## Work task
Everything in the data gets repeated exactly, except for the pictures.
---------- Data block ----------
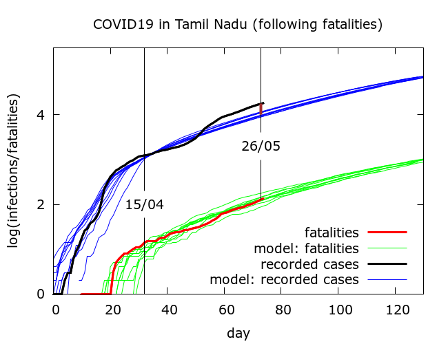 Thus increased testing could explain some of the discrepancy between expected and observed fatalities in both regions. Let’s examine this possibility by “trusting” the fatality figures and using these to predict recorded infections based on a constant case detection rate. If we slightly adjust the parameter values used for simulations of the Tamil Nadu data in Figure 2 so as to match the observed fatality data, we now obtain plots like that in Figure 3.
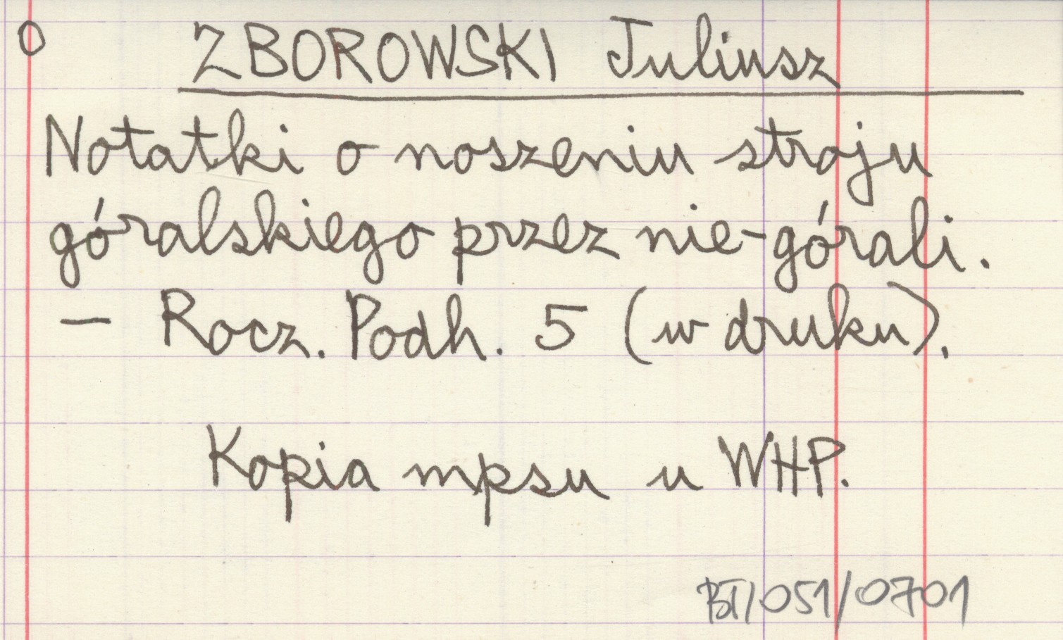 ZBOROWSKI Juliusz Notatki o noszeniu stroju góralskiego przez nie-górali.
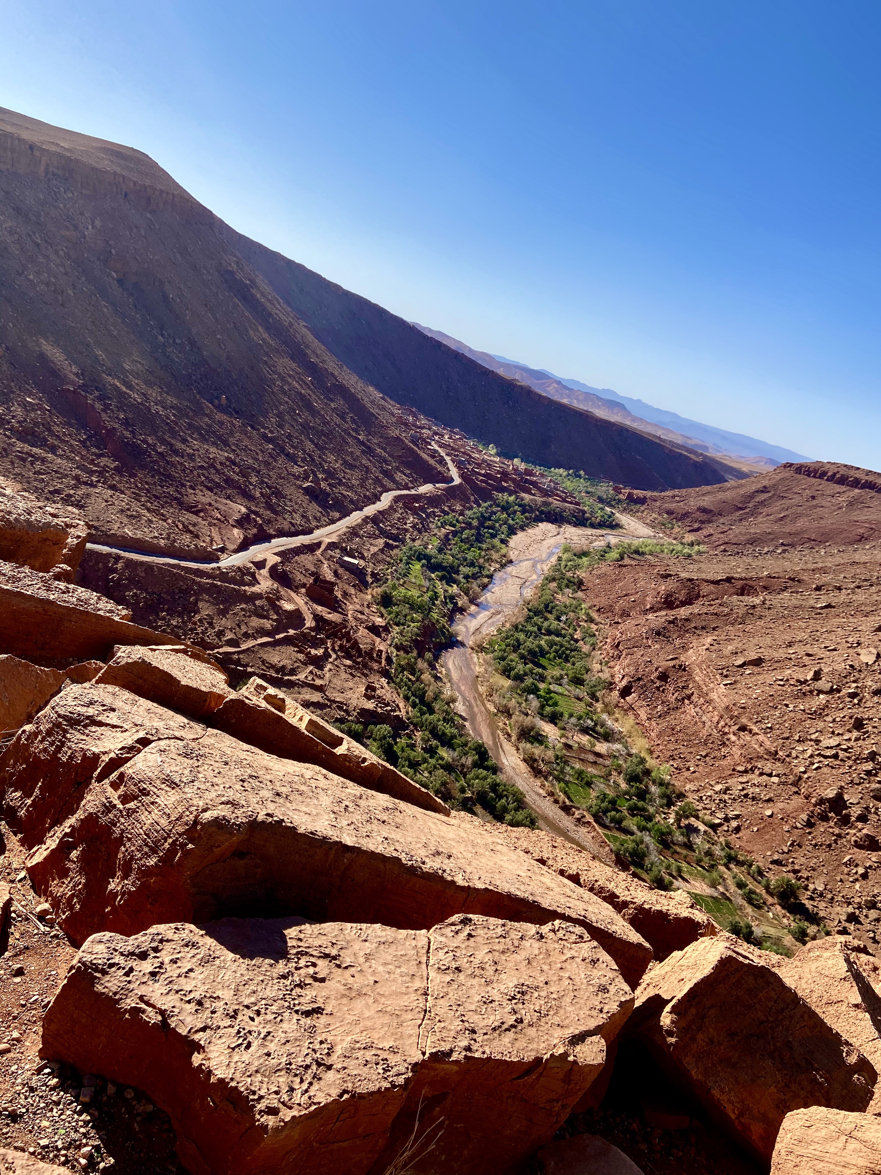 Schau, die Berge, der rote Stein, die gelben Felsen, die grünen Flanken. Und schau, da leuchtet der Schnee, ganz oben. Schau, die Palmen und die saftigen Wiesen bei der Kasbah, die lehmerbaute Burg von einst und von heute. Schau, die Sonne, wie sie wärmt, und schau, wie blau der Himmel leuchtet. Schau, die Kasbah Telouet, der einstige Palast des Paschas von Marrakesch, in dem Feiern mit tausenden Gästen stattfanden, mit Champagner, der den Hügel hinaufgebracht wurde. Schau, wie der Palast verfällt. Und schau dort, die Kinder, die Fussball spielen, die Frauen, die verhüllt vor ihrer Lehmhütte sitzen, und schau da, die Kuh und das Huhn. Schau, die Armut.
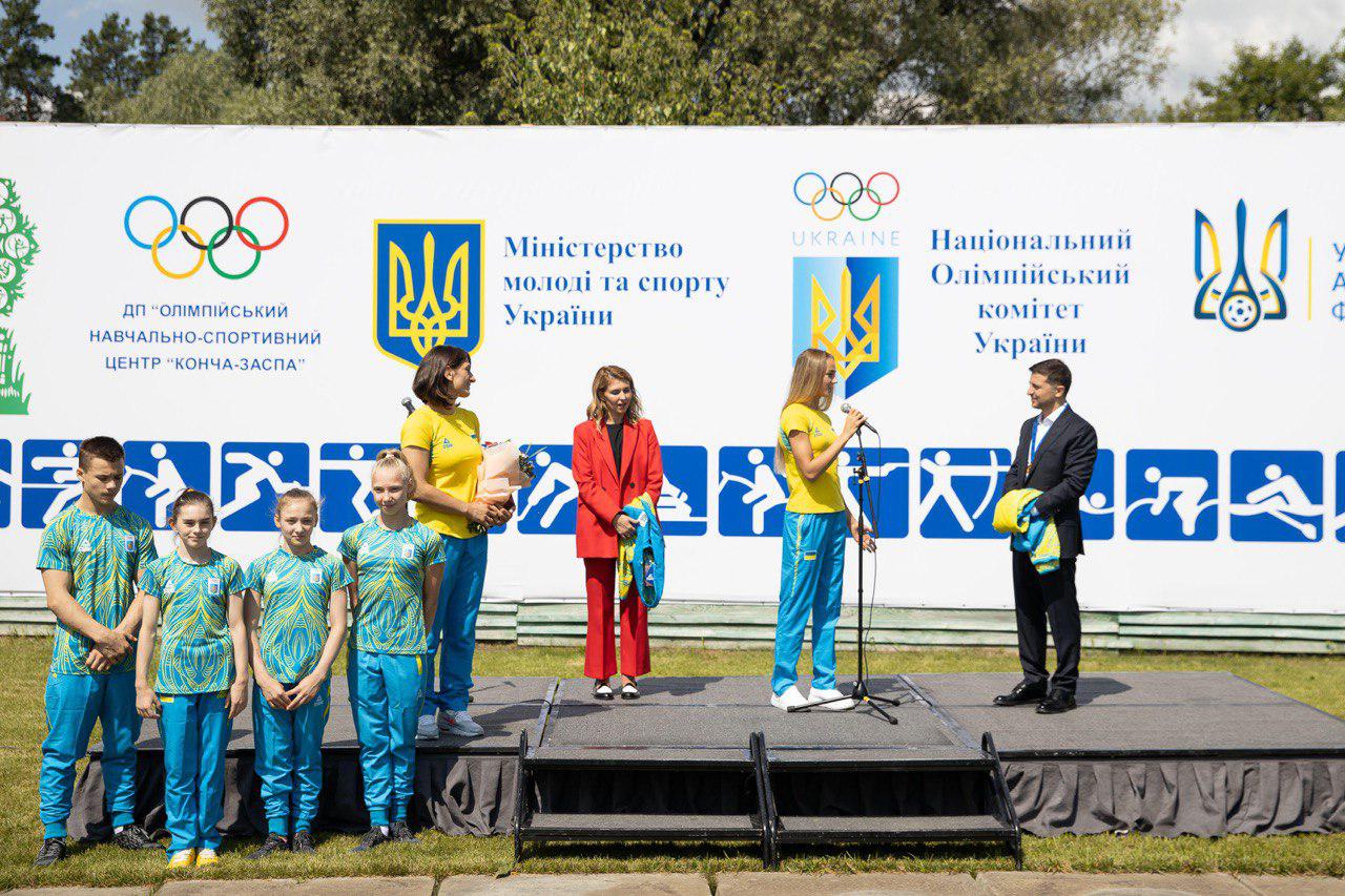 Сегодня, 16 июля президент Украины Владимир Зеленский и первая леди Елена Зеленская посетили Олимпийский учебно-спортивный центр в Конча-Заспе. После вручения госнаград чемпионам мира по футболу (U20) президент пообщался с олимпийцами и членами национальных сборных по другим видам спорта.
----------
## Answer for the task
 Thus increased testing could explain some of the discrepancy between expected and observed fatalities in both regions. Let’s examine this possibility by “trusting” the fatality figures and using these to predict recorded infections based on a constant case detection rate. If we slightly adjust the parameter values used for simulations of the Tamil Nadu data in Figure 2 so as to match the observed fatality data, we now obtain plots like that in Figure 3.
 ZBOROWSKI Juliusz Notatki o noszeniu stroju góralskiego przez nie-górali.
 Schau, die Berge, der rote Stein, die gelben Felsen, die grünen Flanken. Und schau, da leuchtet der Schnee, ganz oben. Schau, die Palmen und die saftigen Wiesen bei der Kasbah, die lehmerbaute Burg von einst und von heute. Schau, die Sonne, wie sie wärmt, und schau, wie blau der Himmel leuchtet. Schau, die Kasbah Telouet, der einstige Palast des Paschas von Marrakesch, in dem Feiern mit tausenden Gästen stattfanden, mit Champagner, der den Hügel hinaufgebracht wurde. Schau, wie der Palast verfällt. Und schau dort, die Kinder, die Fussball spielen, die Frauen, die verhüllt vor ihrer Lehmhütte sitzen, und schau da, die Kuh und das Huhn. Schau, die Armut.
 Сегодня, 16 июля президент Украины Владимир Зеленский и первая леди Елена Зеленская посетили Олимпийский учебно-спортивный центр в Конча-Заспе. После вручения госнаград чемпионам мира по футболу (U20) президент пообщался с олимпийцами и членами национальных сборных по другим видам спорта.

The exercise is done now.